(Data entries)
Start of Block
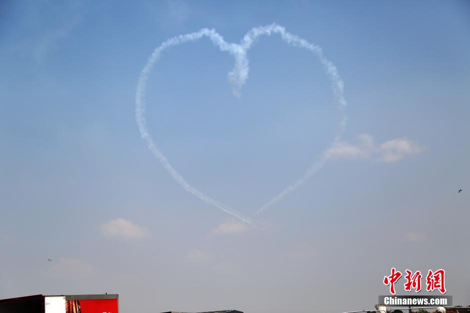 9月20日至21日,2014年非洲航空航天防务展举行公众开放日,并奉上精彩纷呈的空中特技表演。非洲航空航天防务展每两年举行一次,是非洲大陆最大的航空航天防务展,今年的展览于17日开幕,21日结束,共有26个国家和地区的347个展团参展。宋方灿 摄
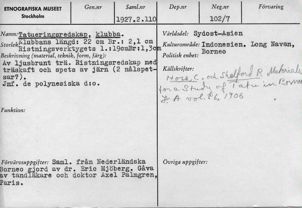 Källa <presOrganization> Statens museer för världskultur - Etnografiska museet
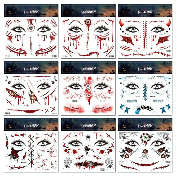 10pcs Halloween Scar Waterproof Tattoo Sticker Simulated Face Horror Stickers, Pattern: RM-044
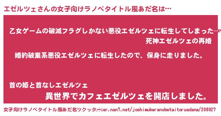| 男性向けラノベタイトル風あだ名 | 『エゼルツェスレイヤー』 |
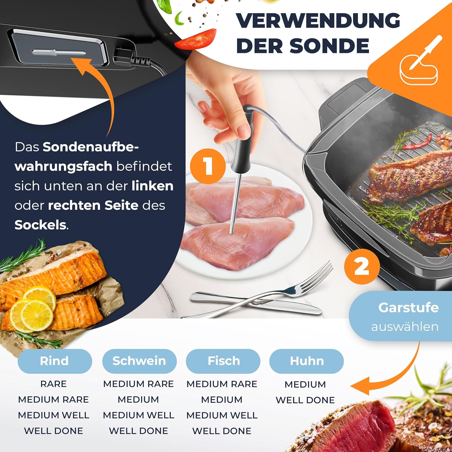 𝐌𝐔𝐋𝐓𝐈𝐅𝐔𝐍𝐊𝐓𝐈𝐎𝐍𝐀𝐋𝐄𝐒 𝐊𝐎𝐂𝐇𝐆𝐄𝐑Ä𝐓 𝐅Ü𝐑 𝐃𝐄𝐍 𝐀𝐋𝐋𝐓𝐀𝐆: All-in-One, mit 16 automatischen Programmen wie Grillen, Backen, Schmoren oder Dampfgaren ersetzt der Multikocher mehrere Küchengeräte in einem. Ideal für Familienküche und gesundes Kochen ohne Aufwand. 𝐒𝐌𝐀𝐑𝐓 𝐂𝐎𝐎𝐊 𝐒𝐘𝐒𝐓𝐄𝐌 𝐌𝐈𝐓 𝐃𝐎𝐏𝐏𝐄𝐋𝐃𝐄𝐂𝐊𝐄𝐋: Die innovative Smart Cook Funktion nutzt beide Deckelarten gleichzeitig für gleichmäßige Hitzeverteilung. Perfekt für Pizza, Aufläufe, Fleisch oder Gemüse – alles auf den Punkt gegart. 𝐓𝐄𝐌𝐏𝐄𝐑𝐀𝐓𝐔𝐑𝐒𝐎𝐍𝐃𝐄 𝐅Ü𝐑 𝐏𝐑Ä𝐙𝐈𝐒𝐄 𝐆𝐀𝐑𝐒𝐓𝐔𝐅𝐄𝐍: Die integrierte Sonde misst die Kerntemperatur exakt. Voreinstellungen für Rind, Schwein, Fisch und Huhn sorgen für punktgenaues Garen – von rare bis durchgegart. 𝐊𝐎𝐌𝐅𝐎𝐑𝐓𝐀𝐁𝐋𝐄 𝐁𝐄𝐃𝐈𝐄𝐍𝐔𝐍𝐆 𝐌𝐈𝐓 𝐕𝐎𝐑𝐇𝐄𝐈𝐙- 𝐔𝐍𝐃 𝐓𝐈𝐌𝐄𝐑𝐅𝐔𝐍𝐊𝐓𝐈𝐎𝐍: Das übersichtliche Bedienfeld mit Start/Stop, Temperatur- und Zeiteinstellung sowie Warmhaltefunktion macht die Nutzung besonders einfach und effizient. 𝐋𝐄𝐈𝐂𝐇𝐓 𝐙𝐔 𝐑𝐄𝐈𝐍𝐈𝐆𝐄𝐍 𝐔𝐍𝐃 𝐅𝐀𝐌𝐈𝐋𝐈𝐄𝐍𝐅𝐑𝐄𝐔𝐍𝐃𝐋𝐈𝐂𝐇: Der 8 Liter große Kochtopf bietet ausreichend Platz für große Portionen. Zubehör wie Korb, Gitter oder Zange ist spülmaschinenfest – für mühelose Reinigung nach dem Kochen. | قیمت یورویی : 199.8€
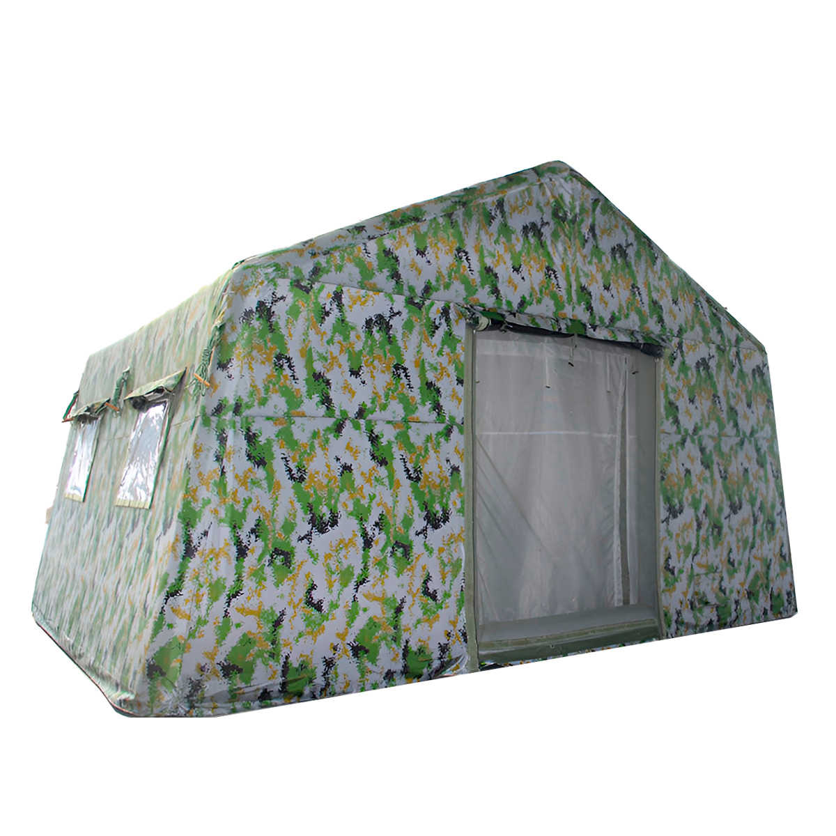 Каркас палатки держит форму самостоятельно и не требует постоянной подкачки. После подачи воздуха формируется устойчивая пространственная конструкция, способная выдерживать ветровые нагрузки.
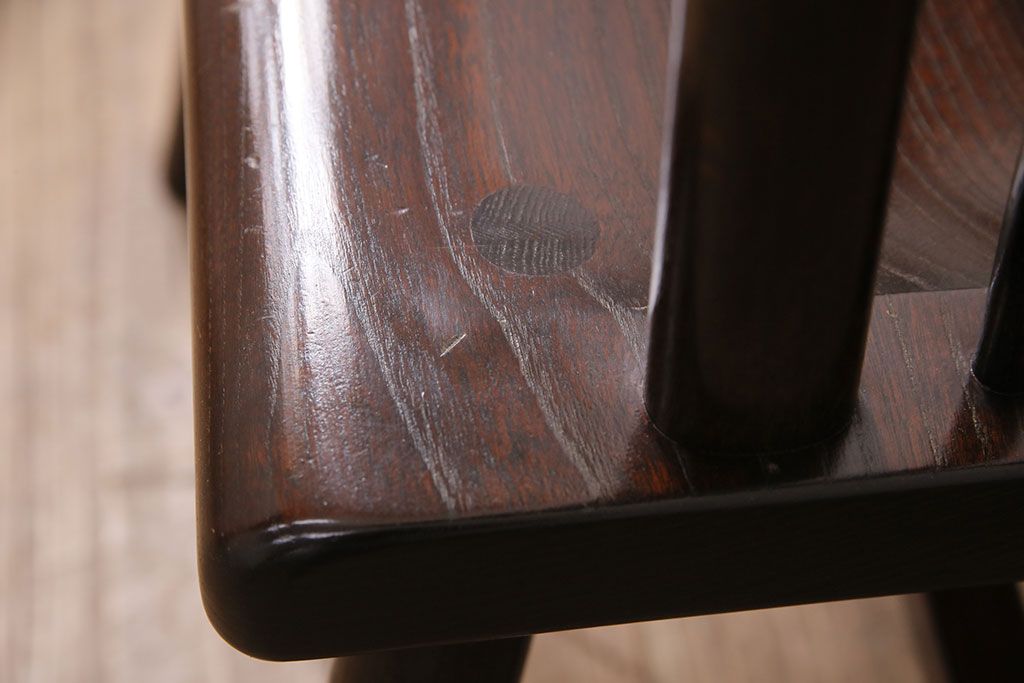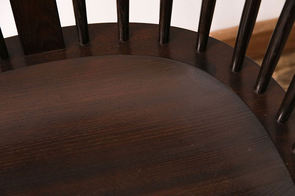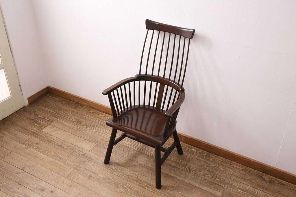 中古 美品 松本民芸家具 こだわりのインテリアにおすすめ!総ケヤキ材製のコムバックアームチェア(板座チェア、椅子、ダイニングチェア)(R-050411)です。
End of Block
» Instructions to follow: Down to the last line, set down the data above exactly, and omit all images.

» Response box:
 9月20日至21日,2014年非洲航空航天防务展举行公众开放日,并奉上精彩纷呈的空中特技表演。非洲航空航天防务展每两年举行一次,是非洲大陆最大的航空航天防务展,今年的展览于17日开幕,21日结束,共有26个国家和地区的347个展团参展。宋方灿 摄
 Källa <presOrganization> Statens museer för världskultur - Etnografiska museet
 10pcs Halloween Scar Waterproof Tattoo Sticker Simulated Face Horror Stickers, Pattern: RM-044
| 男性向けラノベタイトル風あだ名 | 『エゼルツェスレイヤー』 |
 𝐌𝐔𝐋𝐓𝐈𝐅𝐔𝐍𝐊𝐓𝐈𝐎𝐍𝐀𝐋𝐄𝐒 𝐊𝐎𝐂𝐇𝐆𝐄𝐑Ä𝐓 𝐅Ü𝐑 𝐃𝐄𝐍 𝐀𝐋𝐋𝐓𝐀𝐆: All-in-One, mit 16 automatischen Programmen wie Grillen, Backen, Schmoren oder Dampfgaren ersetzt der Multikocher mehrere Küchengeräte in einem. Ideal für Familienküche und gesundes Kochen ohne Aufwand. 𝐒𝐌𝐀𝐑𝐓 𝐂𝐎𝐎𝐊 𝐒𝐘𝐒𝐓𝐄𝐌 𝐌𝐈𝐓 𝐃𝐎𝐏𝐏𝐄𝐋𝐃𝐄𝐂𝐊𝐄𝐋: Die innovative Smart Cook Funktion nutzt beide Deckelarten gleichzeitig für gleichmäßige Hitzeverteilung. Perfekt für Pizza, Aufläufe, Fleisch oder Gemüse – alles auf den Punkt gegart. 𝐓𝐄𝐌𝐏𝐄𝐑𝐀𝐓𝐔𝐑𝐒𝐎𝐍𝐃𝐄 𝐅Ü𝐑 𝐏𝐑Ä𝐙𝐈𝐒𝐄 𝐆𝐀𝐑𝐒𝐓𝐔𝐅𝐄𝐍: Die integrierte Sonde misst die Kerntemperatur exakt. Voreinstellungen für Rind, Schwein, Fisch und Huhn sorgen für punktgenaues Garen – von rare bis durchgegart. 𝐊𝐎𝐌𝐅𝐎𝐑𝐓𝐀𝐁𝐋𝐄 𝐁𝐄𝐃𝐈𝐄𝐍𝐔𝐍𝐆 𝐌𝐈𝐓 𝐕𝐎𝐑𝐇𝐄𝐈𝐙- 𝐔𝐍𝐃 𝐓𝐈𝐌𝐄𝐑𝐅𝐔𝐍𝐊𝐓𝐈𝐎𝐍: Das übersichtliche Bedienfeld mit Start/Stop, Temperatur- und Zeiteinstellung sowie Warmhaltefunktion macht die Nutzung besonders einfach und effizient. 𝐋𝐄𝐈𝐂𝐇𝐓 𝐙𝐔 𝐑𝐄𝐈𝐍𝐈𝐆𝐄𝐍 𝐔𝐍𝐃 𝐅𝐀𝐌𝐈𝐋𝐈𝐄𝐍𝐅𝐑𝐄𝐔𝐍𝐃𝐋𝐈𝐂𝐇: Der 8 Liter große Kochtopf bietet ausreichend Platz für große Portionen. Zubehör wie Korb, Gitter oder Zange ist spülmaschinenfest – für mühelose Reinigung nach dem Kochen. | قیمت یورویی : 199.8€
 Каркас палатки держит форму самостоятельно и не требует постоянной подкачки. После подачи воздуха формируется устойчивая пространственная конструкция, способная выдерживать ветровые нагрузки.
 中古 美品 松本民芸家具 こだわりのインテリアにおすすめ!総ケヤキ材製のコムバックアームチェア(板座チェア、椅子、ダイニングチェア)(R-050411)です。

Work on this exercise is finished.